As seen in Woopi News September 2024
This question is more commonly asked about holiday rentals or other short-term accommodation but can apply in other circumstances as well.
So why is this question important? It has to do with the deductibility of expenses associated with an investment property, particularly costs that are incurred regardless the amount of rental income received, like loan interest, land rates, insurances and strata levies.
The ATO seems particularly interested in properties with low rental income and or high deductions that trigger a rental loss, where the property has been said to be ‘available for rent’ all year but isn’t genuinely available.
A landlord can only deduct costs associated with their investment property when its genuinely available for rent. Merely advertising the property for rent either through an agent or online platform isn’t enough. Factors that indicate a property is not genuinely available include:
- the location, accessibility, or condition of the property, mean that it’s unlikely that tenants will apply to rent it.

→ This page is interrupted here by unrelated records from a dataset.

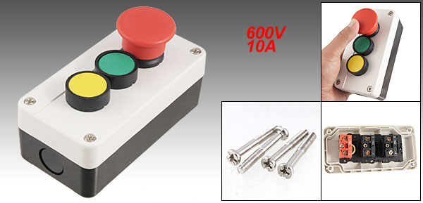Product Name Push Button Station Action Type Momentary Contact Type NC(Mushroom), NO(Flat Push Button) Ui 600V Ith 10A Material Plastic, Metal Button Diameter(Approx.) 2.5cm/ 1" Overall Size(not include the button) 13.2 x 6.7 x 7.8cm/ 5.2" x 2.6" x 3" (L*W*H)
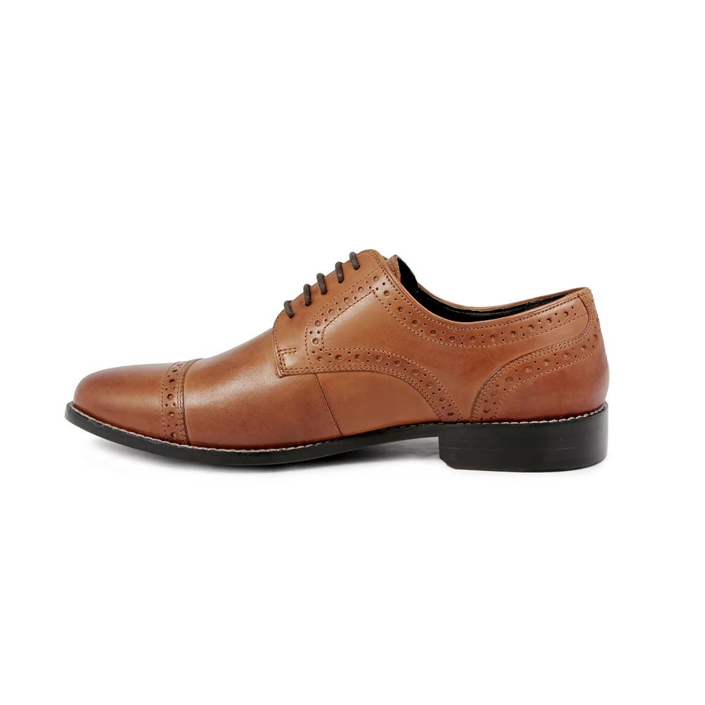 These Nunn Bush Norcross brogue-accented cap toe oxfords support impact and lasting comfort with the Comfort Gel footbed.
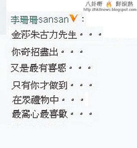 李珊珊當年狠撇錢嘉樂,之後堅決表示沒有復合機會, 剖白會當他如家人般永遠愛錫和支持。之不過「樂盈戀」好事近,李珊珊近日卻突然在微博高調曬新戀情。
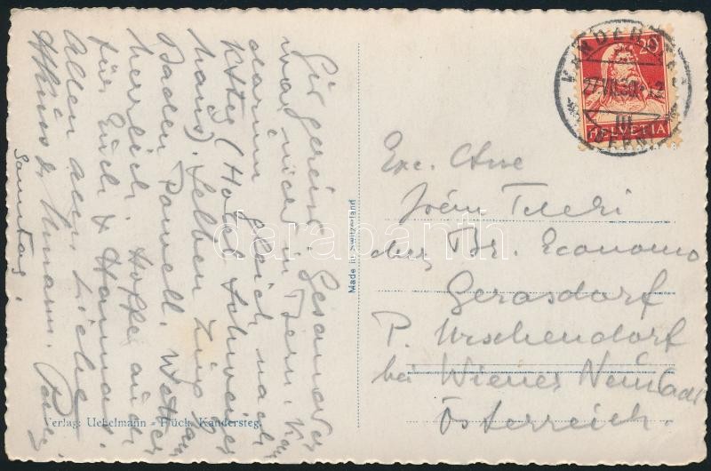 1930 Teleki Pál későbbi miniszterelnök saját kézzel írt sorai családtagjának Svájcból küldött levelezőlapon
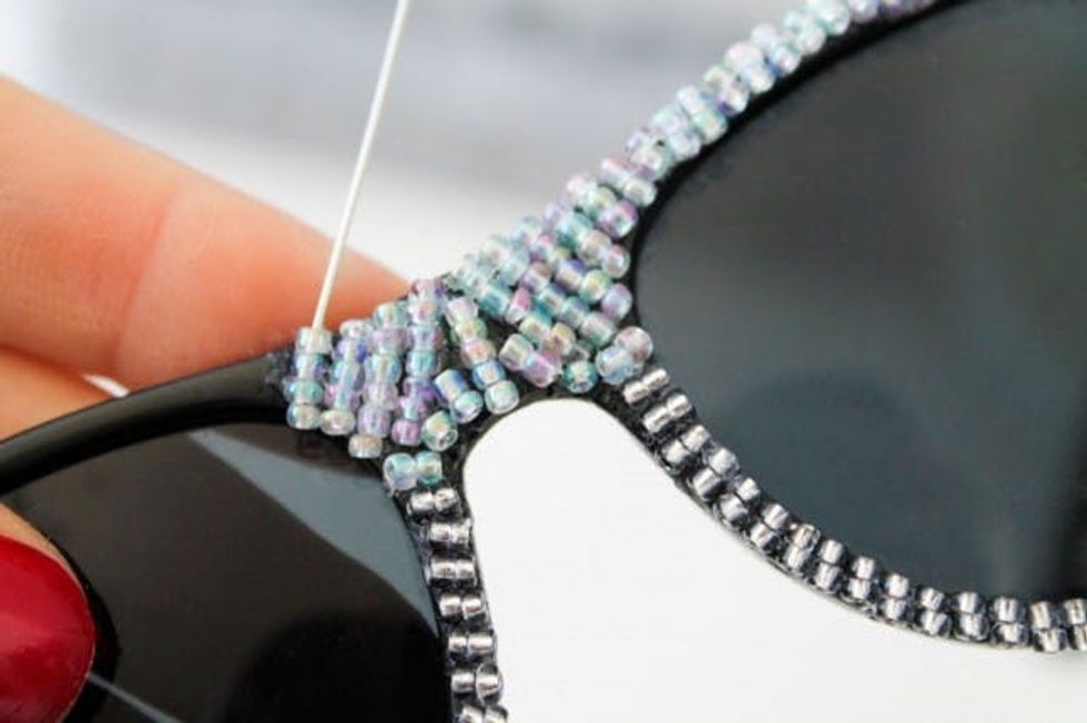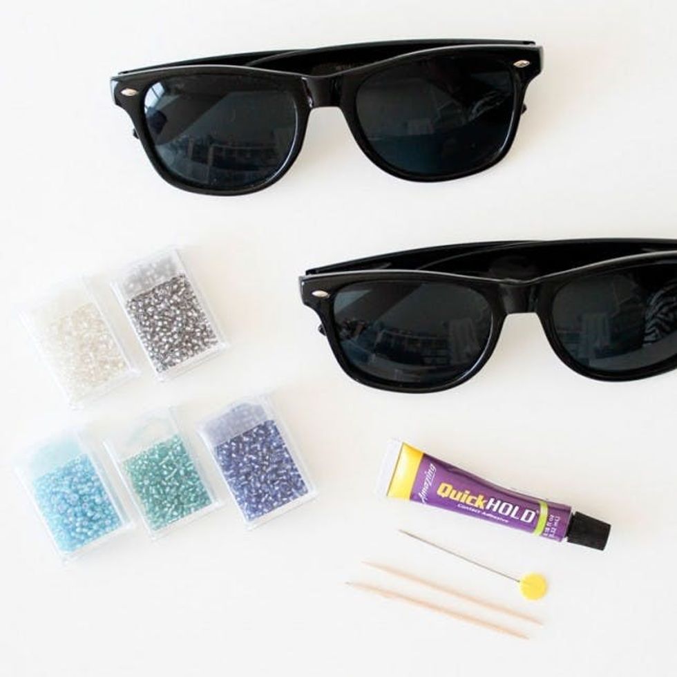 While treasuring hunting on the web for all sorts of cool ways to spruce up your sunglasses, we were inspired to create our own beaded take on this tricked out trend. It’s a little more subtle than flat-back pearls, and a little more sparkly than glitter nail polish. Read on to learn how to bead your own stylish sunglasses.
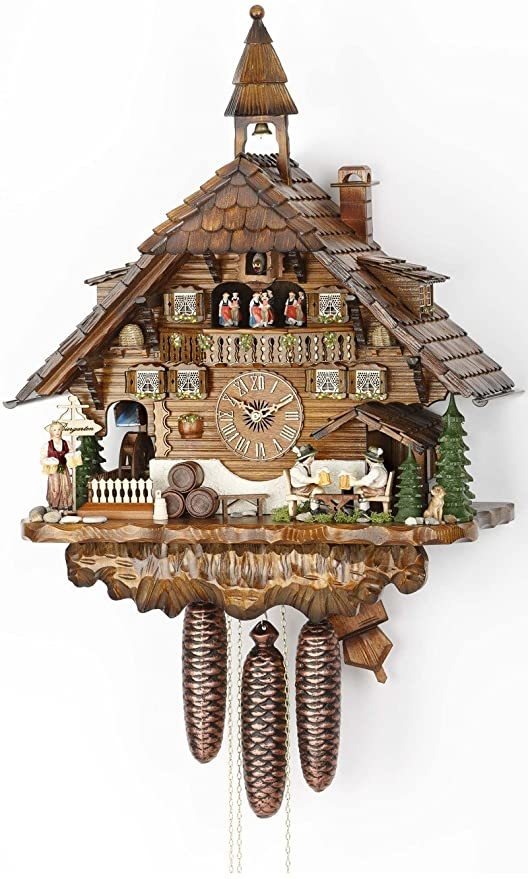 Movimiento: Regula – El reloj de cuco tiene un mecanismo de REGULA mecánica del líder de mercado SBS-FEINTECHNIK en el Bosque Negro / Alemania .; Noche apagado: Automático – El sonido se fuera a 9 p.m. de la tarde a 07:30 a.m en punto .; Tunes: Beber, beber, beber poco y hermano en Múnich se encuentra un Hofbräuhaus – Las melodías cambian cada hora entre beber, beber, beber poco hermano y una en Múnich, al Hofbräuhaus Todos nuestros productos estan en inglés SKU 15042029759

- the landlord has placed unreasonable conditions on renting the property such as above market rent in comparison to other properties in the area, requiring tenants to have references for short term stays or having conditions like ‘no children’ or ‘no pets’.
- refusing to rent out the property to a potential tenant without an adequate reason or reserving the property for private use or family and friends to stay free, or at discounted rates, is also an issue.
Where a property isn’t genuinely available for rent it’s important to apportion the expenses and only claim for the periods the property was available. If the rental schedule were to be reviewed and the ATO found it wasn’t genuinely available, a possible outcome is that they remove the rental loss so that the property breaks even. If the property is positively geared the outcome may be to reduce the expenses or increase the rent to reflect market value.
More information is available on the ATO website or perhaps discuss this matter with your accountant if you have any concerns.

Stasha Dunn - StaySharp Accounting
“Liability Limited by a scheme approved under Professional Standards Legislation”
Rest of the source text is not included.